Chairlift gondola clears legal hurdle


A MAJOR legal obstacle to the $18 million gondola chairlift on Arthurs Seat has been removed with Save Our Seat announcing it will not appeal a planning tribunal decision in the Supreme Court.

Save Our Seat had until last Wednesday to lodge an appeal against the Victorian Civil and Administrative Tribunal’s December decision to confirm Mornington Peninsula Shire Council’s approval of the ride last June.

Save Our Seat spokeswoman Kylie Greer said “on advice from our barristers, we would be hard pressed to overturn the VCAT decision”.

Ms Greer said deciding not to appeal would not stop SOS from “pursuing political means” to prevent the gondola being built or challenging any subsequent decision by the shire to approve the chairlift consortium’s Bushfire Emergency Plan, which has not been finalised.

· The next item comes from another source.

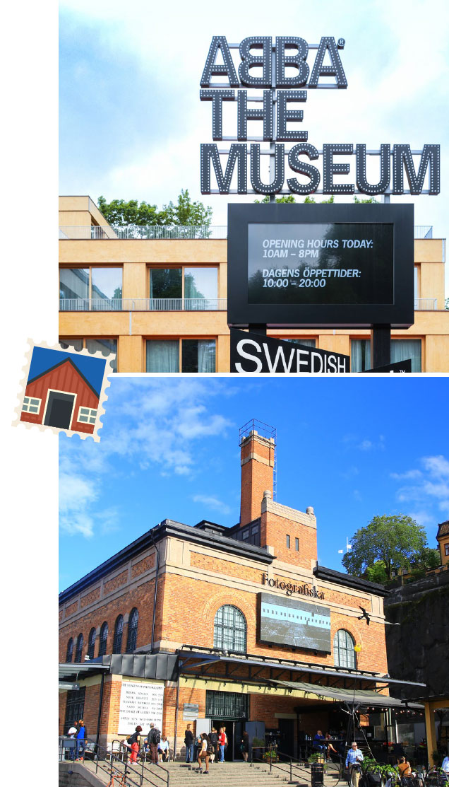 초록의 박물관 섬, 유르고르덴유르고르덴은 17세기 후반 왕실 사냥터였던 섬으로 여전히 숲과 언덕이 어우러진 목가적인 풍경이 남아 있다. 섬 안에 다양한 박물관이 모여 있어 ‘박물관 섬’이라고 불린다. 섬 초입에서부터 스웨덴 최대 문화사 박물관, 노르디스카 무제트가 있어 16세기부터 현대에 이르는 의복 가구와 17세기에 건조한 배 바사호를 살펴볼 수 있다. 노르디스카 무제트 근처에 스웨덴 태생 보드카 앱솔루트에서 운영하는 스피릿 박물관과 스웨덴의 국민 밴드 아바를 기념하는 아바 박물관도 있다. 스피릿 박물관에서는 보드카의 역사와 제조 과정을 살펴볼 수 있고, 아바 박물관에는 아바 멤버들의 의상과 음반 등 전시품을 관람할 수 있다.

“We are extremely disappointed, but our next step is to lobby state government, the CFA and Mornington Peninsula Shire to make sure conditions are strictly adhered to,” she told The News.

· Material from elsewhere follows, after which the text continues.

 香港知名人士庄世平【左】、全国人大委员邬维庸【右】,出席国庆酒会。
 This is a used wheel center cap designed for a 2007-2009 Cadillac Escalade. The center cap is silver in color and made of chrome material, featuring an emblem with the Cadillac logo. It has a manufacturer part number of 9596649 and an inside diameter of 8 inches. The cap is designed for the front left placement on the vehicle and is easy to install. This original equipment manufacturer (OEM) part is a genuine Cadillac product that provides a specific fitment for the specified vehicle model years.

The group is concerned that bushfire matters have not been dealt with adequately by authorities.

One of the group’s barristers, Rupert Watters, who worked for the Environment Defenders Office in Victoria and has been involved in several high-profile environment cases in Queensland and Tasmania, has told SOS that VCAT “plainly considered that it did have adequate material to make an assessment of the risk posed by fire and its manageability”.

SOS said it would likely lobby politicians, including new state Environment Minister Lisa Neville, and relevant statutory authorities as Arthurs Seat Skylift had not yet signed a lease with Parks Victoria.

Skylift’s Bushfire Emergency Plan must be approved by the shire council and other organisations.

Late last month, Skylift spokesman Simon McKeon said the consortium expected to sign a 50-year lease with Parks Victoria in the new year.
Mr McKeon said Skylift had been working with people “at the highest level of the CFA for four years”. “The gondola will not run on Code Red and other days of high fire danger,” he said.

The News understands some shire councillors are looking at the gondola proposal. It was approved by one vote mid-2014 and the balance of power on the council has changed since then.